◆ Your goal:
Although the entries contain pictures, return everything else in them verbatim and omit the pictures.

◆ Record set:
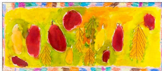
Z tvorby dětí „barevné školičky“
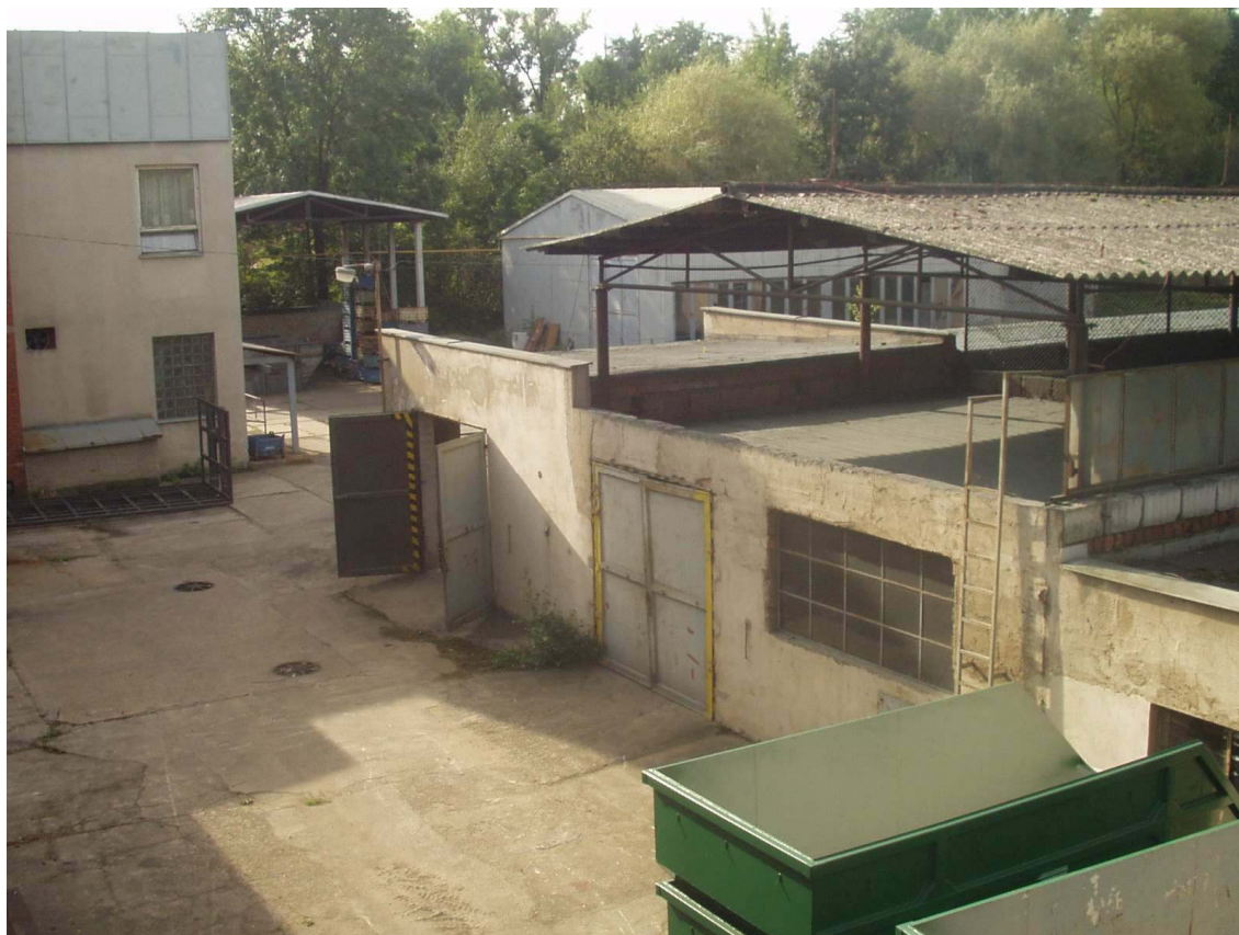
Areál „Multitec“ a přilehlé údolí Výmoly – možné budoucí součásti městského centra
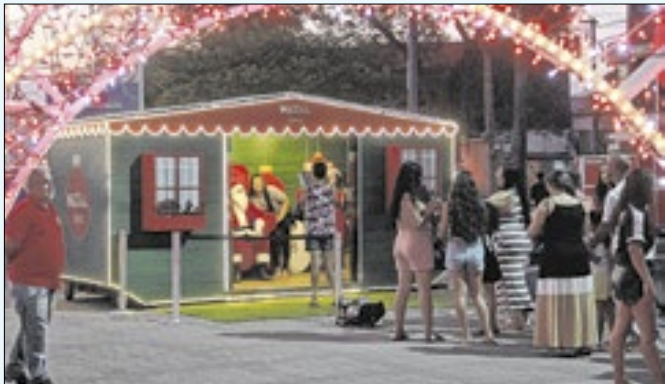
Casinha do Papai Noel permaneceu no local no domingo
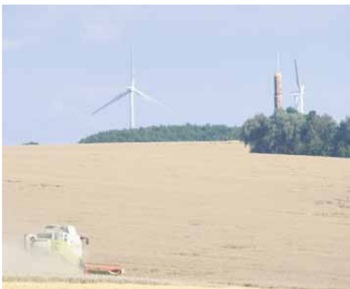
Der sanierte Aussichtsturm in Striegistal.

Der schon von Weitem zu sehende Turm ist über neugestaltete, befestigte Wege von Böhrigen und von Etzdorf aus erreichbar.
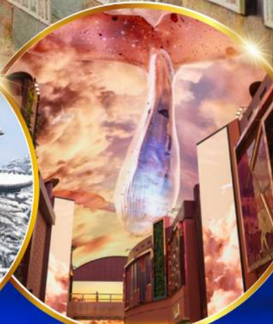
INSPIRE Entertainment Resort

ชมจอ LED ขนาดยักษ์ที่รีสอร์ท 5 ดาว ใหญ่ที่สุดในเอเชียเหนือ ชมพระราชวังคยองบกคยอง ย้อนอดีตหมู่บ้านบุคซอน อันอก ใส่ชุดอันบก ทำข้าวห่อสาหร่าย อิสระช้อปปิ้ง Lotte Duty Free
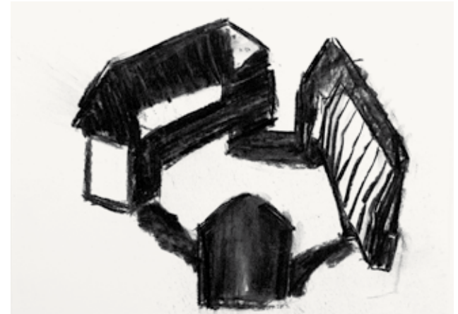
Das Gut 2008 Kohle auf Papier 29,7 x 42 cm
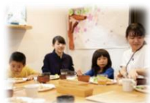
食事の支援の様子
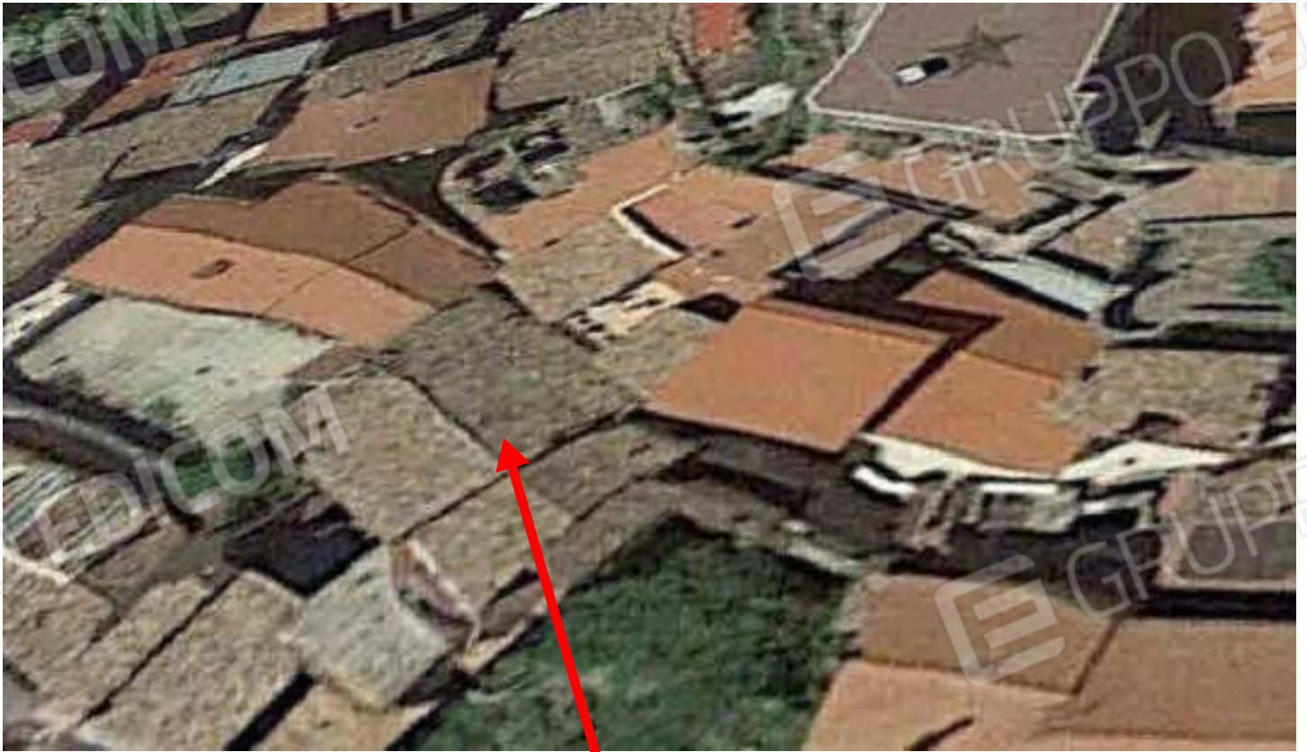
VISTA AEREA DA GOOGLE MAPS DI DETTAGLIO-QUI CESPITE
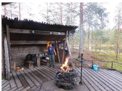
Een lekker vuurtje maken bij de hut
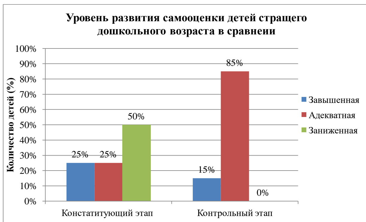
Рисунок 4. Сравнительные результаты изменения уровня развития самооценки на контрольном этапе по методике В.Г. Щур

Сравнительные результаты контрольного этапа по изучению уровня самооценки детей дошкольного возраста по методике «Лесенка» В.Г. Щур представлены на рисунке 4:
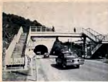
▲199号線に取り付けられた歩道橋

昨年12月に三号線側が完成したのにつづいて、このほど一九九号線側の歩道橋が市建設局の手で取り付けられました。工費は約七百万円。二つの歩道橋の完成で、児童の通学はひと安心です。このほか、穴生中学校前の歩道橋は現在仕上げもすすんで間もなく完成する予定です。
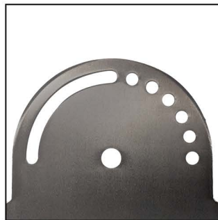
REGULADOR DE ACERO INOX regulación de altura cada 15° y regulación continua 90°
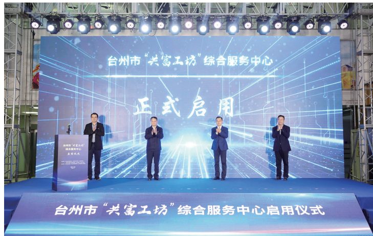
台州市“共富工坊”综合服务中心在路桥启用。

筑牢疫情防控“红色堡垒”,党员干部们下沉一线,争当科学防疫的先锋。去年以来,路桥区组建临时党支部307个、暖心服务小分队698支,发动党员干部2万余人下沉一线,助力打赢疫情防控阻击战。
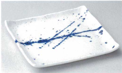
203-8-652 呉須吹角皿 2,200円 24×24×2.5cm 20308652
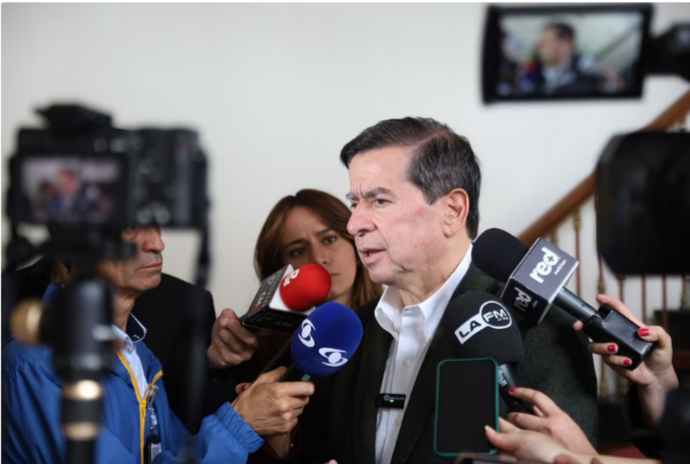
Juan Fernando Cristo, ministro del Interior en el Gobierno del presidente Gustavo Petro - crédito Ministerio del Interior.

“Creo que hay unas decisiones equivocadas del Consejo Nacional Electoral que generan esa sensación, espero que poco a poco, en la medida en que se vayan utilizando los mecanismos jurídicos para tumbar las decisiones equivocadas, la institucionalidad se va a ir deshaciendo de esos temores ”, comentó el ministro del Interior al citado medio de comunicación.
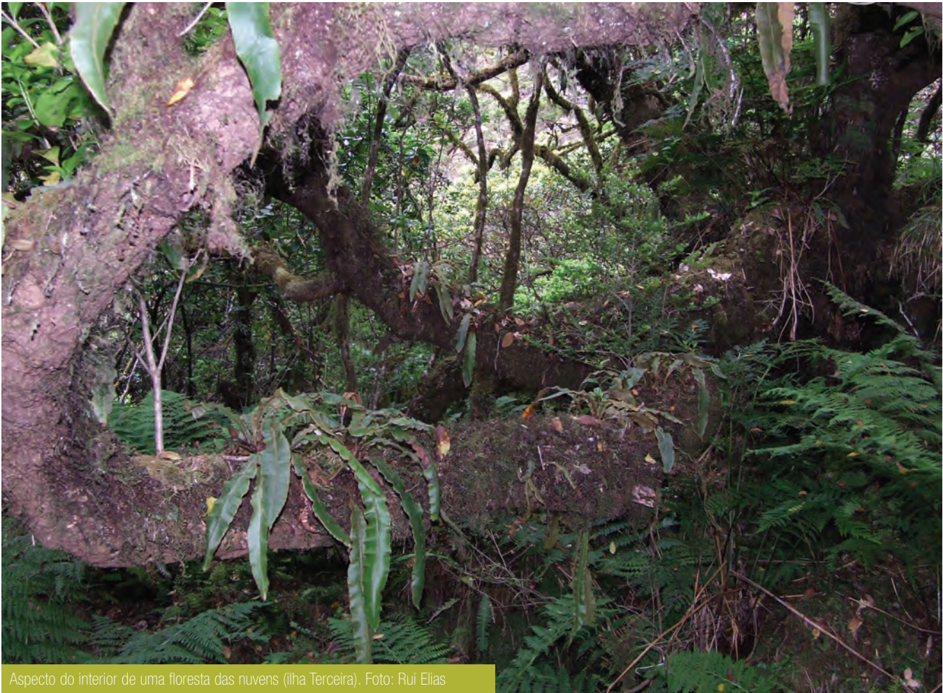
Aspecto do interior de uma floresta das nuvens (ilha Terceira).
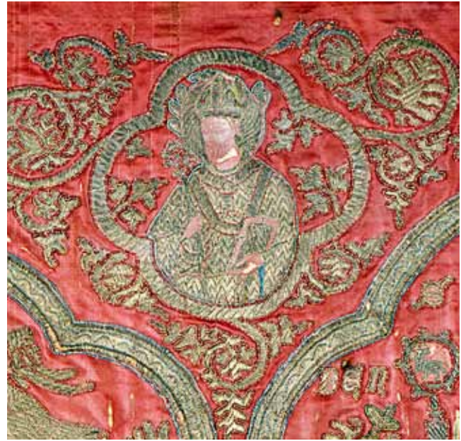
9. Sv. Grgur Papa (lijevo) i Sv. Donat (desno), detalji antependija iz crkve Sv. Krševana St Gregory the Pope (left) and St Donatus (right), details, altar frontal from the Church of St Chrysogonus
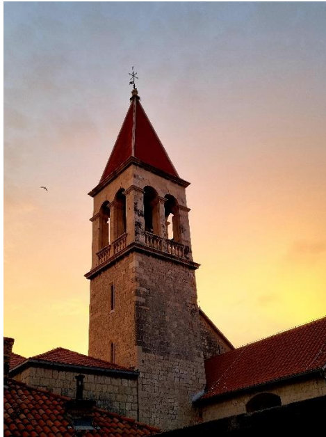
Slika 32. Zvonik crkve Gospe od Pojišana u Splitu

◆ Answer to this problem:
Z tvorby dětí „barevné školičky“
Areál „Multitec“ a přilehlé údolí Výmoly – možné budoucí součásti městského centra
Casinha do Papai Noel permaneceu no local no domingo
Der sanierte Aussichtsturm in Striegistal.

Der schon von Weitem zu sehende Turm ist über neugestaltete, befestigte Wege von Böhrigen und von Etzdorf aus erreichbar.
INSPIRE Entertainment Resort

ชมจอ LED ขนาดยักษ์ที่รีสอร์ท 5 ดาว ใหญ่ที่สุดในเอเชียเหนือ ชมพระราชวังคยองบกคยอง ย้อนอดีตหมู่บ้านบุคซอน อันอก ใส่ชุดอันบก ทำข้าวห่อสาหร่าย อิสระช้อปปิ้ง Lotte Duty Free
Das Gut 2008 Kohle auf Papier 29,7 x 42 cm
食事の支援の様子
VISTA AEREA DA GOOGLE MAPS DI DETTAGLIO-QUI CESPITE
Een lekker vuurtje maken bij de hut
Рисунок 4. Сравнительные результаты изменения уровня развития самооценки на контрольном этапе по методике В.Г. Щур

Сравнительные результаты контрольного этапа по изучению уровня самооценки детей дошкольного возраста по методике «Лесенка» В.Г. Щур представлены на рисунке 4:
▲199号線に取り付けられた歩道橋

昨年12月に三号線側が完成したのにつづいて、このほど一九九号線側の歩道橋が市建設局の手で取り付けられました。工費は約七百万円。二つの歩道橋の完成で、児童の通学はひと安心です。このほか、穴生中学校前の歩道橋は現在仕上げもすすんで間もなく完成する予定です。
REGULADOR DE ACERO INOX regulación de altura cada 15° y regulación continua 90°
台州市“共富工坊”综合服务中心在路桥启用。

筑牢疫情防控“红色堡垒”,党员干部们下沉一线,争当科学防疫的先锋。去年以来,路桥区组建临时党支部307个、暖心服务小分队698支,发动党员干部2万余人下沉一线,助力打赢疫情防控阻击战。
203-8-652 呉須吹角皿 2,200円 24×24×2.5cm 20308652
Juan Fernando Cristo, ministro del Interior en el Gobierno del presidente Gustavo Petro - crédito Ministerio del Interior.

“Creo que hay unas decisiones equivocadas del Consejo Nacional Electoral que generan esa sensación, espero que poco a poco, en la medida en que se vayan utilizando los mecanismos jurídicos para tumbar las decisiones equivocadas, la institucionalidad se va a ir deshaciendo de esos temores ”, comentó el ministro del Interior al citado medio de comunicación.
Aspecto do interior de uma floresta das nuvens (ilha Terceira).
9. Sv. Grgur Papa (lijevo) i Sv. Donat (desno), detalji antependija iz crkve Sv. Krševana St Gregory the Pope (left) and St Donatus (right), details, altar frontal from the Church of St Chrysogonus
Slika 32. Zvonik crkve Gospe od Pojišana u Splitu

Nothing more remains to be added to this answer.